((
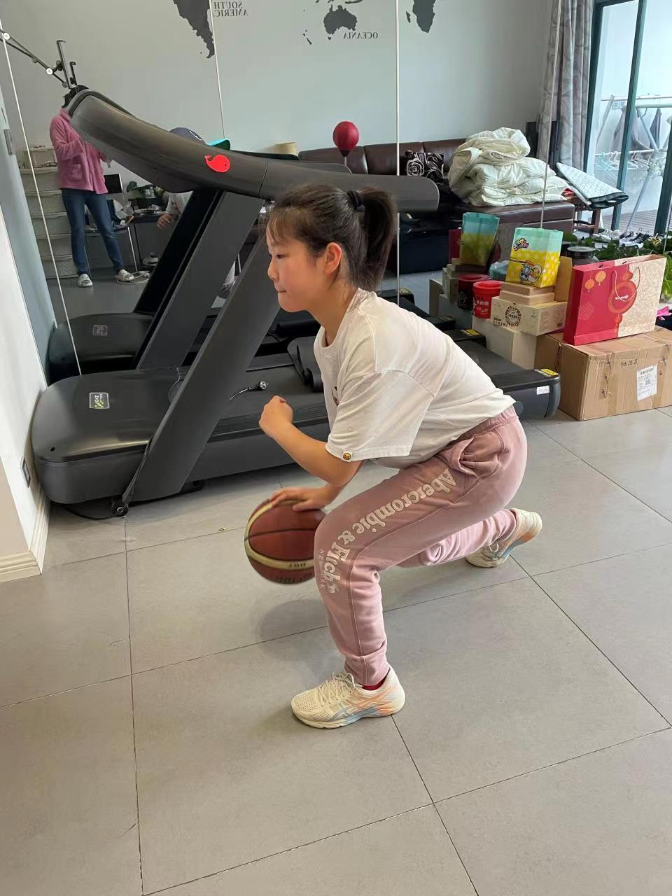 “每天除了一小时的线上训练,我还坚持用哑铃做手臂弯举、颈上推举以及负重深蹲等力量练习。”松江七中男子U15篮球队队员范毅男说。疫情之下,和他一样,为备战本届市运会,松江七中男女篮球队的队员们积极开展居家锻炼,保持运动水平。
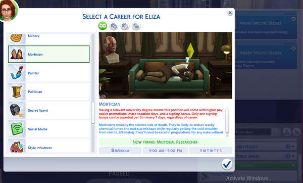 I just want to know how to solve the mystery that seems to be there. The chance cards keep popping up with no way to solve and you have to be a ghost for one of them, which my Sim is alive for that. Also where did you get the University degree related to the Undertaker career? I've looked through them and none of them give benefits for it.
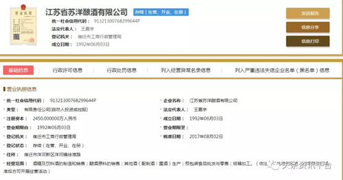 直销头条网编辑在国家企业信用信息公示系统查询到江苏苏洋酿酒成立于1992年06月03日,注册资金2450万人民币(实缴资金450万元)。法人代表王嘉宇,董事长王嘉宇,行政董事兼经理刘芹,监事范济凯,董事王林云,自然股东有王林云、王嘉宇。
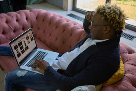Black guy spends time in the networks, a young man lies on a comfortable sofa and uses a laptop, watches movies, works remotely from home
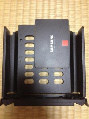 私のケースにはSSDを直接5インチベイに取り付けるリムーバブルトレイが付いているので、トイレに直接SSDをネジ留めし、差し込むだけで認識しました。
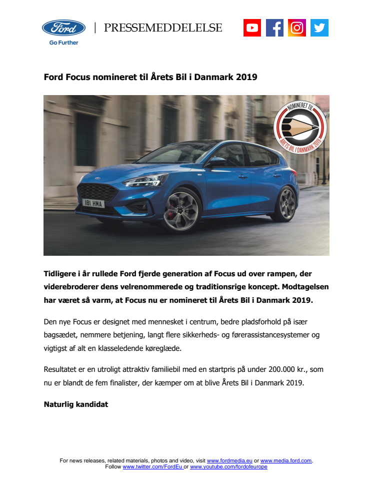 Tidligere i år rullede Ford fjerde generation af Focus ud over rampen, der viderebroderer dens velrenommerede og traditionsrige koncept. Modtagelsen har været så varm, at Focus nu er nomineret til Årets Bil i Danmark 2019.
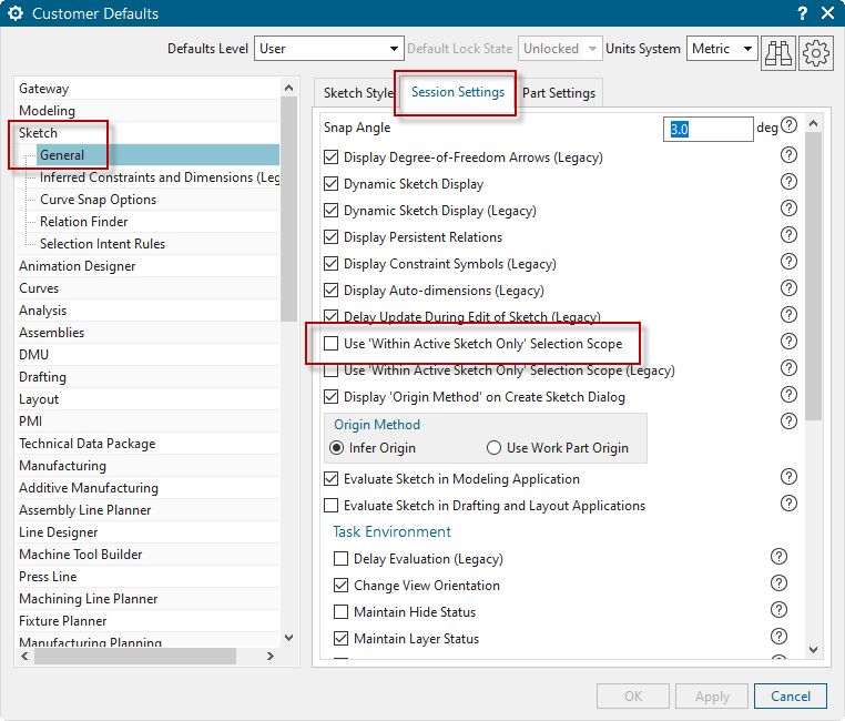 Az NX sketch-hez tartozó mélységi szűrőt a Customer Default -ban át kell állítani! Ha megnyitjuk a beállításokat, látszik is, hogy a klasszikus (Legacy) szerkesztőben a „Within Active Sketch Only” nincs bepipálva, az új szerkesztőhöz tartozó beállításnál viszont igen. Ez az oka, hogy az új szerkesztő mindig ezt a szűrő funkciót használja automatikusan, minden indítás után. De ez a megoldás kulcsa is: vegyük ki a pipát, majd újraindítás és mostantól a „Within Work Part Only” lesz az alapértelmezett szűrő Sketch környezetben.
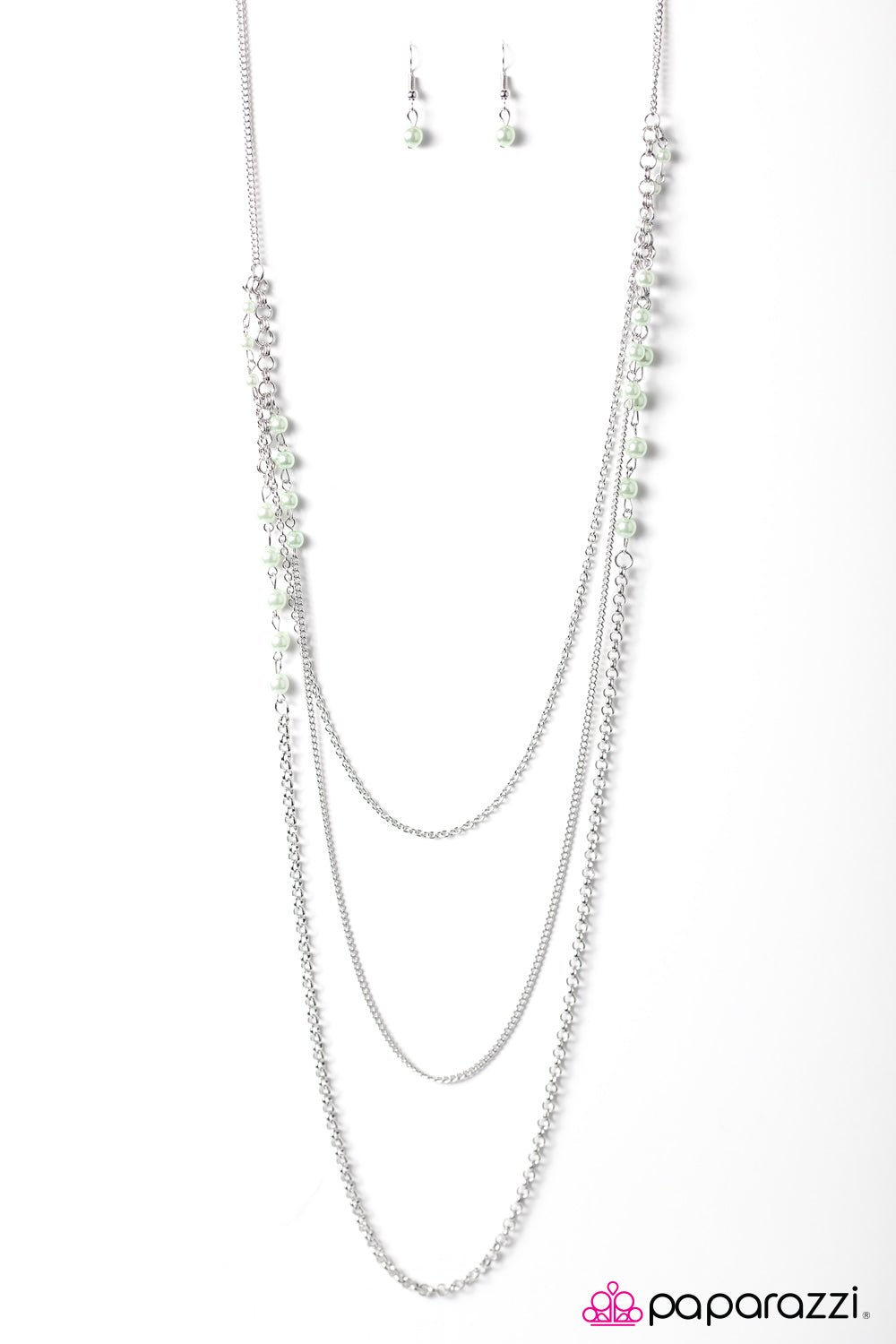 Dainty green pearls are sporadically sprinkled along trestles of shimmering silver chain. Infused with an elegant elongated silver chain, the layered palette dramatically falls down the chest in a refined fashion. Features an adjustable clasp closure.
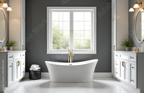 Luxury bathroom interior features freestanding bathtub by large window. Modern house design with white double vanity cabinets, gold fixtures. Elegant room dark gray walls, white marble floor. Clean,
))
((
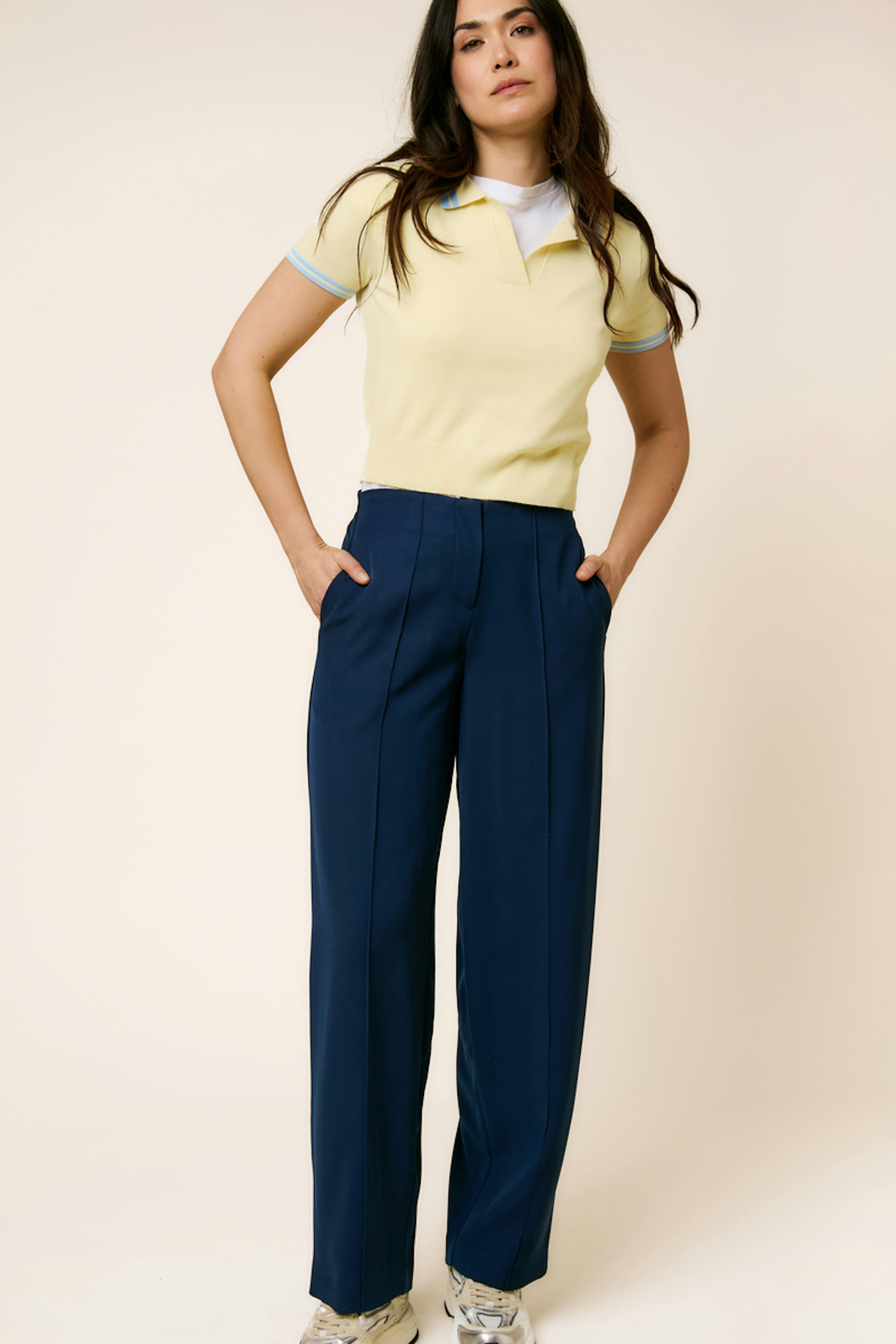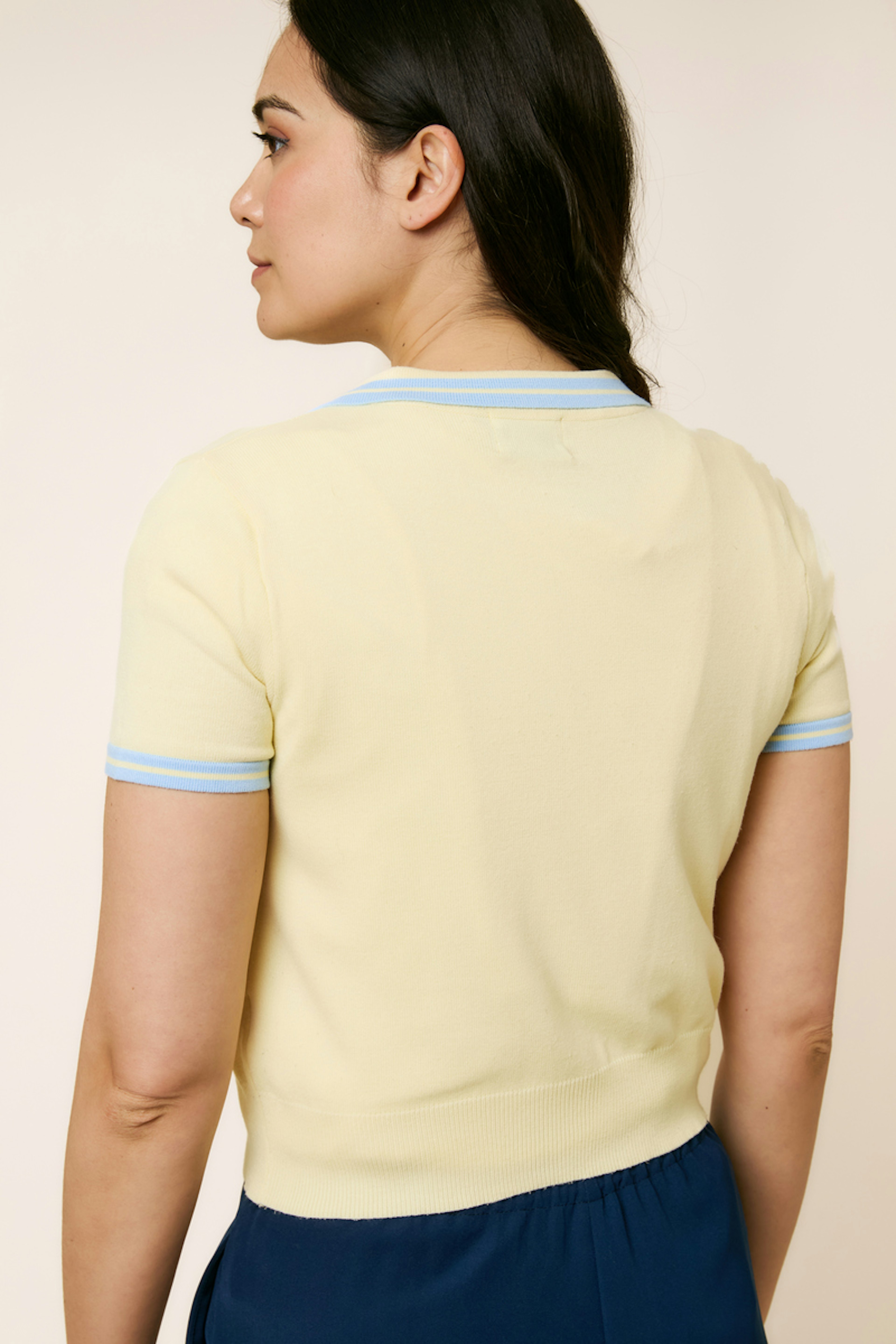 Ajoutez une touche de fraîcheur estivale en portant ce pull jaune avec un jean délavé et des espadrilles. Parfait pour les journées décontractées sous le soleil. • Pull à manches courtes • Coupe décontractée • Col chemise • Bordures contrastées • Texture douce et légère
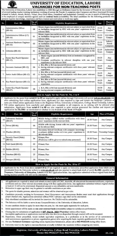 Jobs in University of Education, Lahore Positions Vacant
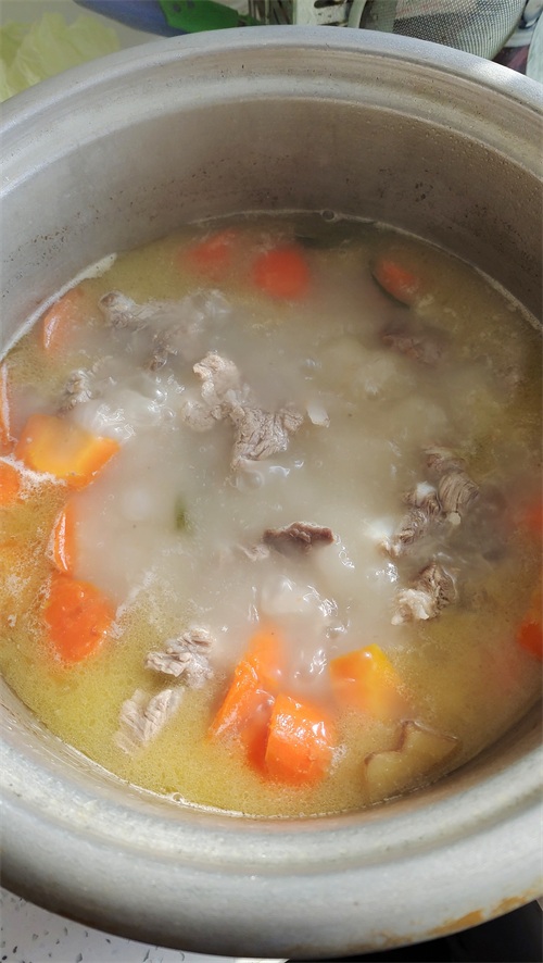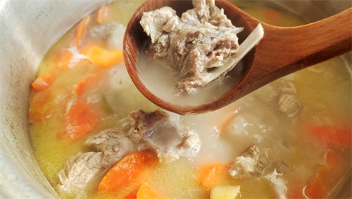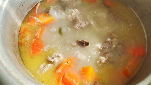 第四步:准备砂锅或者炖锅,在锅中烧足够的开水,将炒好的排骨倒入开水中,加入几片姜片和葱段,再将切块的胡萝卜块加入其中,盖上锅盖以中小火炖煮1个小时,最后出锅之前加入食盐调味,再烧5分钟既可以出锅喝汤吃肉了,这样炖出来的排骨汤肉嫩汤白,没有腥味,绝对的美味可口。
))
((
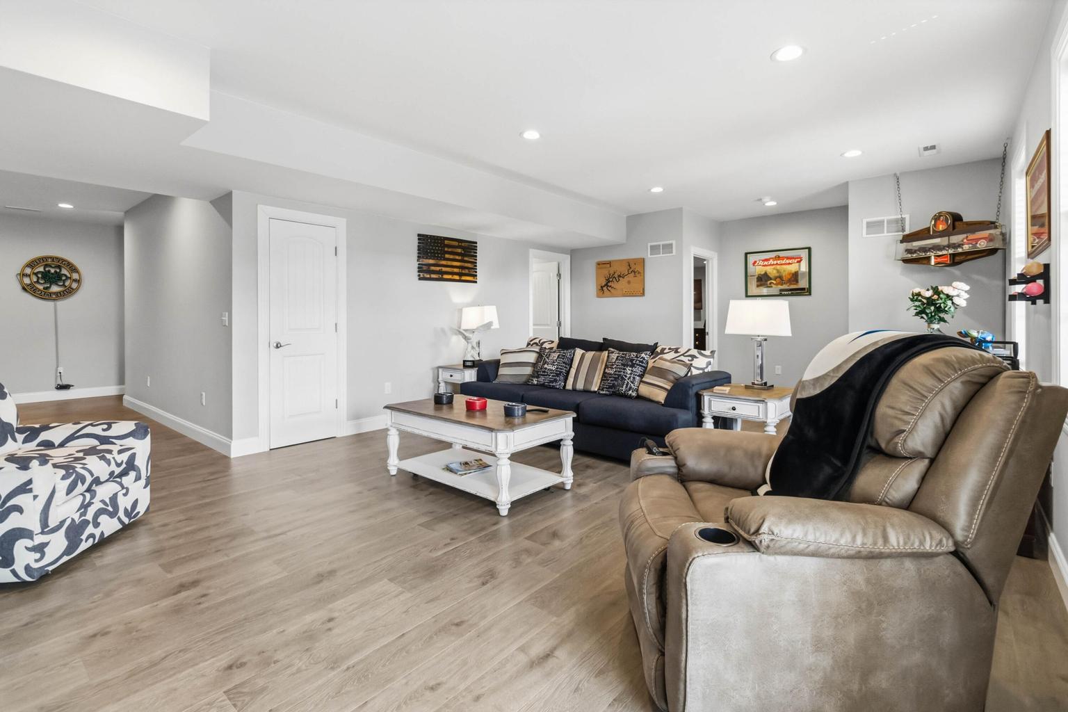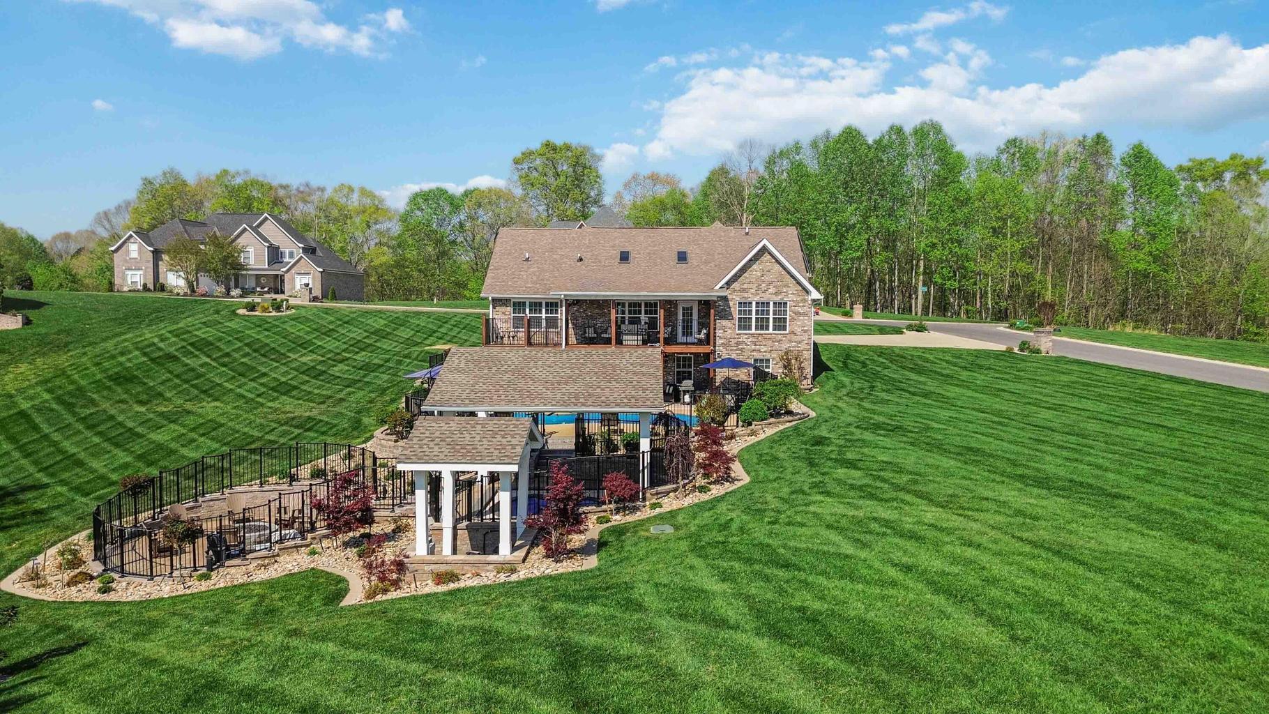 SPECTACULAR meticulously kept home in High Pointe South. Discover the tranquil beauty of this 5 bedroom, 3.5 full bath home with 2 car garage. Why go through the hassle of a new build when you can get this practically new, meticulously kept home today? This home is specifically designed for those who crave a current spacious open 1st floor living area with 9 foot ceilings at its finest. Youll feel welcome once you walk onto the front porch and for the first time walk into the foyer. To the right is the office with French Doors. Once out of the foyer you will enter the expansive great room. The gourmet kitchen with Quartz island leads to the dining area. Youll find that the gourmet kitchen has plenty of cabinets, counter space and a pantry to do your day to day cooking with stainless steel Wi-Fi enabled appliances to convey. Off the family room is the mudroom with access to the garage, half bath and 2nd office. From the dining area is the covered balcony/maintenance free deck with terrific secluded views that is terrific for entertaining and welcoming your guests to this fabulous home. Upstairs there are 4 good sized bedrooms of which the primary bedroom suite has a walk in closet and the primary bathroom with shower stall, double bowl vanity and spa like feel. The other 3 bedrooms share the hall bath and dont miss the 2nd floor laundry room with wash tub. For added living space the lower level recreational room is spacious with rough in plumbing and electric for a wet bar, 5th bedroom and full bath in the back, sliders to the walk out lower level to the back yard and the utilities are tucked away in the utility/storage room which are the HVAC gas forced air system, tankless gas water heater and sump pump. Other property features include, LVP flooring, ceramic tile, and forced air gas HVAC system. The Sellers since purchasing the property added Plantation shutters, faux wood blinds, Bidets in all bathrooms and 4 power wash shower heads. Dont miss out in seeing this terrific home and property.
))
• EXERCISE: Copy the lines above between the one holding "私のケースにはSSDを直接5" and the one holding "Luxury bathroom interior", inclusive. Drop the pictures.

• ANSWER BOX:
 私のケースにはSSDを直接5インチベイに取り付けるリムーバブルトレイが付いているので、トイレに直接SSDをネジ留めし、差し込むだけで認識しました。
 Tidligere i år rullede Ford fjerde generation af Focus ud over rampen, der viderebroderer dens velrenommerede og traditionsrige koncept. Modtagelsen har været så varm, at Focus nu er nomineret til Årets Bil i Danmark 2019.
 Az NX sketch-hez tartozó mélységi szűrőt a Customer Default -ban át kell állítani! Ha megnyitjuk a beállításokat, látszik is, hogy a klasszikus (Legacy) szerkesztőben a „Within Active Sketch Only” nincs bepipálva, az új szerkesztőhöz tartozó beállításnál viszont igen. Ez az oka, hogy az új szerkesztő mindig ezt a szűrő funkciót használja automatikusan, minden indítás után. De ez a megoldás kulcsa is: vegyük ki a pipát, majd újraindítás és mostantól a „Within Work Part Only” lesz az alapértelmezett szűrő Sketch környezetben.
 Dainty green pearls are sporadically sprinkled along trestles of shimmering silver chain. Infused with an elegant elongated silver chain, the layered palette dramatically falls down the chest in a refined fashion. Features an adjustable clasp closure.
 Luxury bathroom interior features freestanding bathtub by large window. Modern house design with white double vanity cabinets, gold fixtures. Elegant room dark gray walls, white marble floor. Clean,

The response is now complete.